R can't find missing / blank rows in a char column

512 views Asked by At

There is a char format column in my dataset named start_station_name with some missing values, so I'm trying to remove all rows having a blank / NA value.

However I know that there are more than 7000 rows with no value for the column start_station_name, when I try to remove blank rows, R can't find them and only removes 50 rows:

SD_cleaned <- drop_na(SD) 

Here is a sample of the dataset:

ride_id bike_type start_station_name
273C6C2B99EBAC32 electric_bike
7AB7965997435172 electric_bike Rush St & Superior St
D6C2BC6711446FB5 electric_bike
C2433C9CF5941BBF electric_bike Rush St & Superior St
... ... ...

I've also tried wit na.omit() or is.na(), but I had the same result.

Thanks for any feedback ️

1

There are 1 answers

1
akrun On

drop_na only removes the NA rows.

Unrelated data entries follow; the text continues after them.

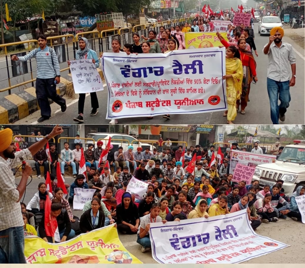 ਪੰਜਾਬ ਸਟੂਡੈਂਟਸ ਯੂਨੀਅਨ ਵੱਲੋਂ ਪੰਜਾਬ ਵਾਸੀਆਂ ਨੂੰ ਸਰਕਾਰੀ ਨੌਕਰੀਆਂ ਚ 90 ਫੀਸਦੀ ਰਾਖਵਾਂਕਰਨ ਅਤੇ ਸਿੱਖਿਆ ਨੂੰ ਰਾਜ ਦਾ ਵਿਸ਼ਾ ਬਣਾਉਣ ਦੀ ਮੰਗ ਨੂੰ ਲੈਕੇ ਆਮ ਆਦਮੀ ਪਾਰਟੀ ਦੇ ਹਲਕਾ ਚੱਬੇਵਾਲ ਤੋਂ ਉਮੀਦਵਾਰ ਇਸ਼ਾਂਕ ਕੁਮਾਰ ਖ਼ਿਲਾਫ਼ ਸ਼ਹਿਰ ਚ ਨਾਅਰੇਬਾਜ਼ੀ ਕਰਕੇ ਆਪ ਦੇ ਦਫ਼ਤਰ ਅੱਗੇ ਧਰਨਾ ਪ੍ਰਦਰਸ਼ਨ ਕੀਤਾ ਗਿਆ। ਮੌਕੇ ਤੇ ਤਹਿਸੀਲਦਾਰ ਰਣਜੀਤ ਸਿੰਘ ਨੇ ਪਹੁੰਚ ਕੇ ਮੰਗ ਪੱਤਰ ਲੈਣ ਉਪਰੰਤ ਧਰਨਾ ਸਮਾਪਤ ਕੀਤਾ ਗਿਆ। ਇਸ ਮੌਕੇ ਸੰਬੋਧਨ ਕਰਦਿਆਂ ਪੀਐੱਸਯੂ ਦੇ ਸੂਬਾ ਪ੍ਰਧਾਨ ਰਣਵੀਰ ਸਿੰਘ ਕੁਰੜ,ਸੂਬਾ ਵਿੱਤ ਸਕੱਤਰ ਬਲਜੀਤ ਸਿੰਘ ਧਰਮਕੋਟ ਅਤੇ ਪ੍ਰੈੱਸ ਸਕੱਤਰ ਮੰਗਲਜੀਤ ਪੰਡੋਰੀ ਨੇ ਕਿਹਾ ਕਿ ਪੰਜਾਬ ਵਾਸੀਆਂ ਨੂੰ ਸਰਕਾਰੀ ਨੌਕਰੀਆਂ ਚ 90 ਫੀਸਦੀ ਰਾਖਵਾਂਕਰਨ ਦਿੱਤਾ ਜਾਵੇ। ਕਿਉਂਕਿ ਪੰਜਾਬ ਵਿੱਚ ਵੱਡੇ ਪੱਧਰ ਤੇ ਪੰਜਾਬ ਵਾਸੀਆਂ ਦੀ ਵਜਾਏ ਦੂਸਰੇ ਰਾਜਾਂ ਦੇ ਲੋਕਾਂ ਨੂੰ ਨੌਕਰੀਆਂ ਦਿੱਤੀਆਂ ਜਾ ਰਹੀਆਂ ਹਨ। ਇਸ ਤੇ ਕੋਈ ਵੀ ਨਿਯਮ ਨਹੀਂ ਲਾਗੂ ਕੀਤਾ ਜਾ ਰਿਹਾ। ਮੁੱਖ ਮੰਤਰੀ ਭਗਵੰਤ ਮਾਨ ਨੇ ਮੈਂਬਰ ਪਾਰਲੀਮੈਂਟ ਹੁੰਦਿਆਂ ਪ੍ਰੈੱਸ ਕਾਨਫਰੰਸ ਕਰਕੇ ਕਿਹਾ ਸੀ ਕਿ ਪੰਜਾਬ ਸਟੇਟ ਟਰਾਂਸਮਿਸ਼ਨ ਕਾਰਪੋਰੇਸ਼ਨ ਲਿਮਟਿਡ ਚ 95 ਅਸਿਸਟੈਂਟ ਲਾਈਨਮੈਨ ਦੀਆਂ ਸੀਟਾਂ ਵਿਚੋਂ 64 ਸੀਟਾਂ ਦੂਸਰੇ ਰਾਜਾਂ ਦੇ ਲੋਕਾਂ ਨੂੰ ਦਿੱਤੀਆਂ ਗਈਆਂ, ਇਸੇ ਤਰ੍ਹਾਂ 39 ਅਸਿਸਟੈਂਟ ਸਬ ਸਟੇਸ਼ਨ ਸੀਟਾਂ ਚੋਂ 28,
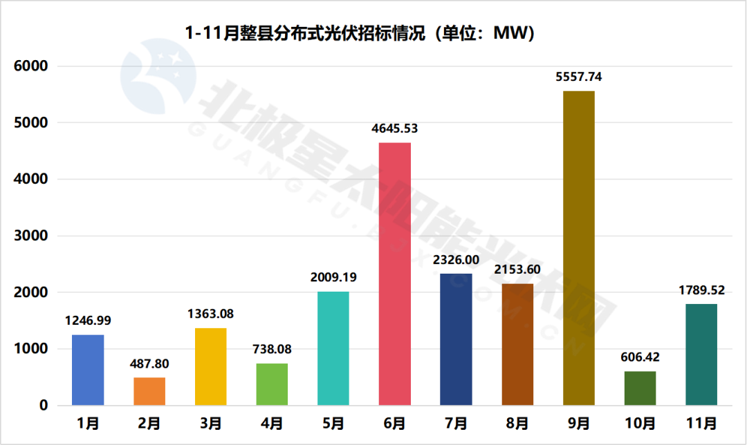 從時間分布的角度來看,除了2月、4月和10月之外,每個月的招標規模均達到了GW級別。其中,9月和6月的招標規模尤為突出,分別達到了5557.74MW和4645.53MW。
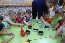 В детском саду «Зернышко» снова стартовала акция «Огород на подоконнике». Воспитатель с малышами сажала лучок. Попутно воспитатель загадывала детям загадки и заучивала потешки про лук. Полученные знания дети закрепили во время д./и «Овощи». В качестве физ. минутки была разучена песенка «Урожай собирай».
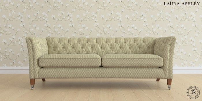 6.12.1 Buy Chatsworth Button Back by Laura Ashley 4 Seater Sofa Chequers Hedgerow Green Straight Chrome Castor - Teak from the Next UK online shop Click here to use our accessible website
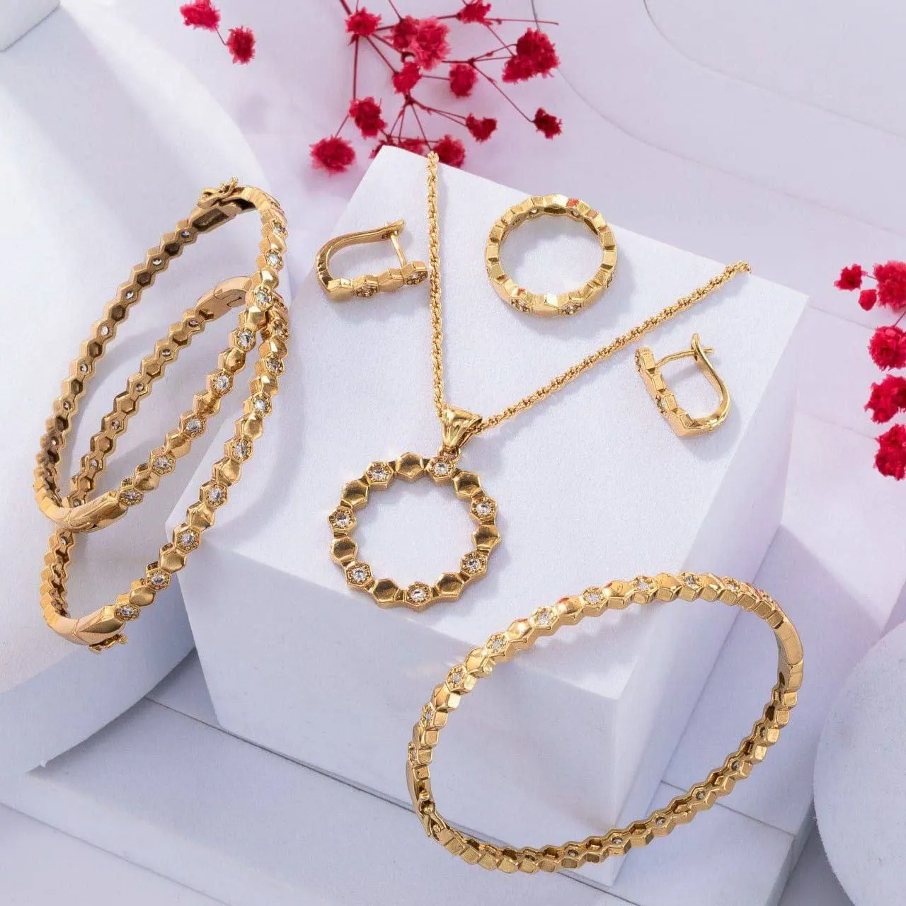 (قلادة – خاتم – أقراط – 3 أساور)
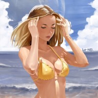 The image shows a woman on a beach. She has blonde hair and appears to be wearing yellow bikini bottoms with her top cropped out of the frame, leaving only her arms and shoulders visible. Her closed eyes suggest she might be in a moment of relaxation or enjoying the sun. In the background, there's an ocean view under a bright sky.

If there are blanks ("") convert the blanks to NA before doing the drop_na

library(dplyr)
SD_cleaned <- SD %>%
   na_if("") %>%
   drop_na()

If there are spaces as well, use trimws on each of the columns before converting the blank to NA

SD_cleaned <- SD %>%
     mutate(across(where(is.character), trimws)) %>%
     na_if("") %>%
     drop_na()